» What you are asked to do:
Within the entries below, output exactly the lines between the line containing "現(xiàn)場(chǎng)施工 | |" and the line containing "Swedish 19th century", inclusive, and omit any picture.
___ Supplied material ___
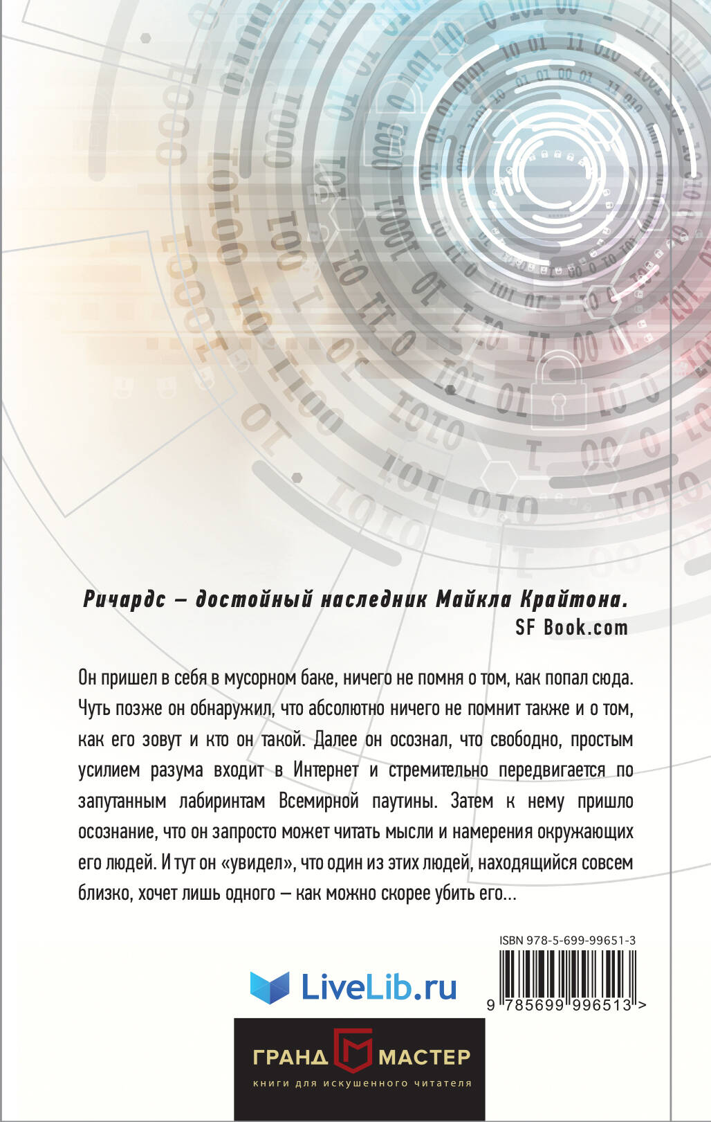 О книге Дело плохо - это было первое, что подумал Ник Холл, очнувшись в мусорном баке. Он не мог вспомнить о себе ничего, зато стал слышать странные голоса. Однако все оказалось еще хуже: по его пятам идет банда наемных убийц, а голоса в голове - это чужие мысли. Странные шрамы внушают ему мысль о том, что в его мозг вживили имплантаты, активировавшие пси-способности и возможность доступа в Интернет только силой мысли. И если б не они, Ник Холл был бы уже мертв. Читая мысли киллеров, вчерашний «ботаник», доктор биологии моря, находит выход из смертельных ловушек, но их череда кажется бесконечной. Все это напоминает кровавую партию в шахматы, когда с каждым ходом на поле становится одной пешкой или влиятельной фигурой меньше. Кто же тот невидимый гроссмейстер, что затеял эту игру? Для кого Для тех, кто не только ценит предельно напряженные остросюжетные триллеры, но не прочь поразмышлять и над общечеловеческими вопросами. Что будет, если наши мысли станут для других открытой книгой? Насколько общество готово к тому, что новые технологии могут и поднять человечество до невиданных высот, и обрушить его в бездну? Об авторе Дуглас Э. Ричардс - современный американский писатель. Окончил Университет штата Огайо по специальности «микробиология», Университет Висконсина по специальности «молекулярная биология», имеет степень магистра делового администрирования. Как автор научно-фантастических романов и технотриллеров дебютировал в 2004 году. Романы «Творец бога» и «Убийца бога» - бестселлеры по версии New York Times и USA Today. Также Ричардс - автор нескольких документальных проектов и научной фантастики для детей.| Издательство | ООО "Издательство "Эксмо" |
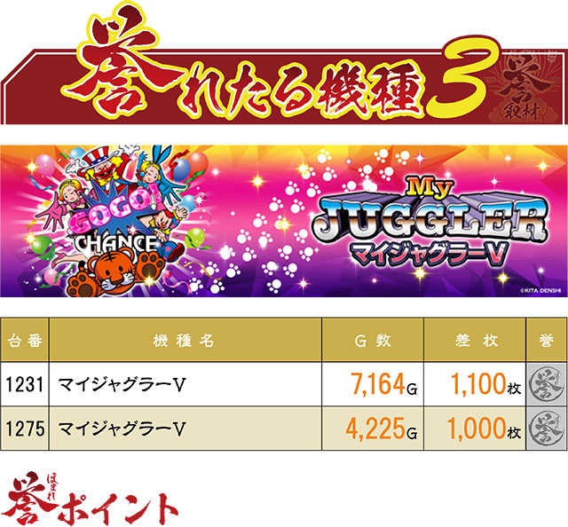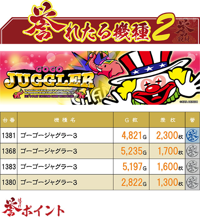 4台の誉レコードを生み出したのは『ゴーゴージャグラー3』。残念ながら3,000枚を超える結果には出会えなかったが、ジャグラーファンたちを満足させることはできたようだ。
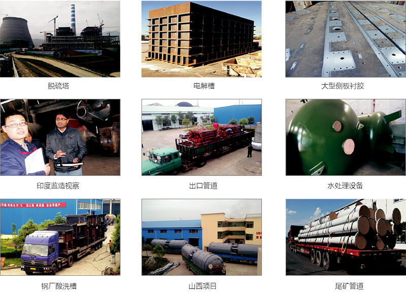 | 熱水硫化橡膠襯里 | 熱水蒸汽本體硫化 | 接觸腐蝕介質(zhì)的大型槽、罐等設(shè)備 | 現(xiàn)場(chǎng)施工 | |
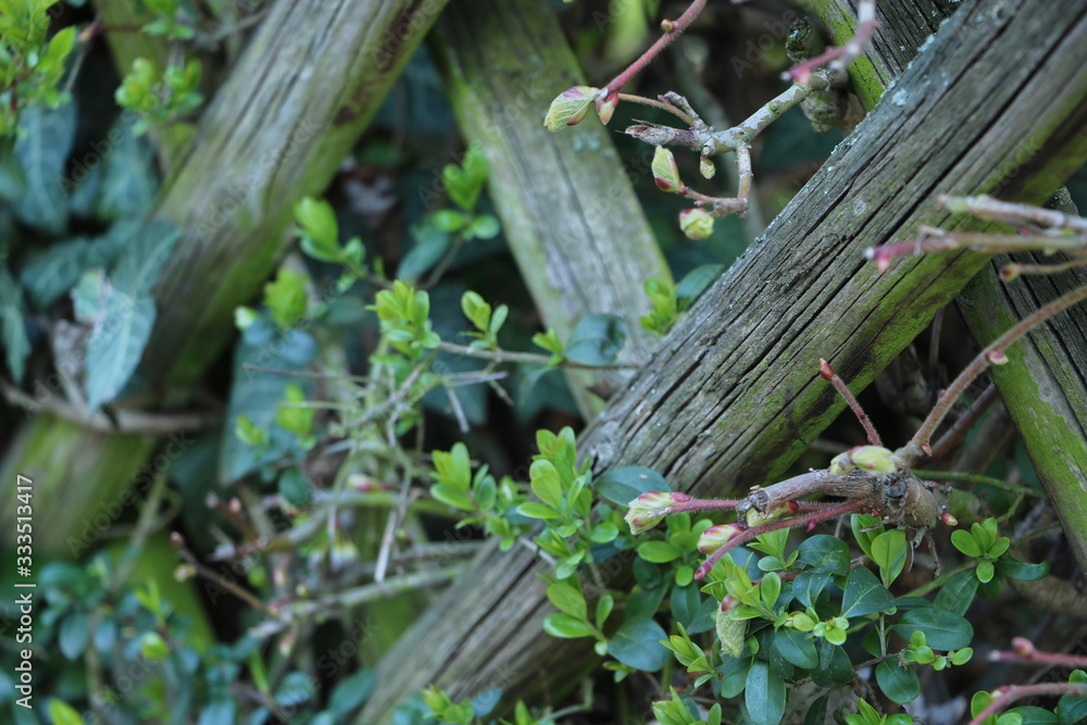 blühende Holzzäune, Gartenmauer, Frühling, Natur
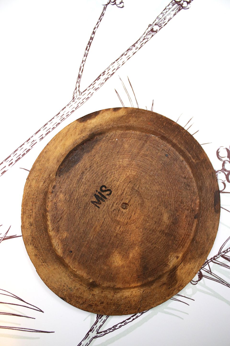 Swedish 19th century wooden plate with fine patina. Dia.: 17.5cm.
___
___ Supplied material ___
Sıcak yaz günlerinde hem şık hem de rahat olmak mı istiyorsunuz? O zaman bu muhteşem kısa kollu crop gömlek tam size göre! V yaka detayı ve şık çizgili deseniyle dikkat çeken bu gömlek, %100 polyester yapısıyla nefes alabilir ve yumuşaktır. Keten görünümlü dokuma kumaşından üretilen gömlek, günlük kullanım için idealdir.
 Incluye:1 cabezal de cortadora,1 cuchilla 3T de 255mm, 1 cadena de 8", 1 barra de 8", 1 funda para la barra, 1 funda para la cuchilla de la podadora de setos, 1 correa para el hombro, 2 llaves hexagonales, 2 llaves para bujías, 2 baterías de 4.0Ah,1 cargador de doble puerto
___
» Response area:
 | 熱水硫化橡膠襯里 | 熱水蒸汽本體硫化 | 接觸腐蝕介質(zhì)的大型槽、罐等設(shè)備 | 現(xiàn)場(chǎng)施工 | |
 blühende Holzzäune, Gartenmauer, Frühling, Natur
 Swedish 19th century wooden plate with fine patina. Dia.: 17.5cm.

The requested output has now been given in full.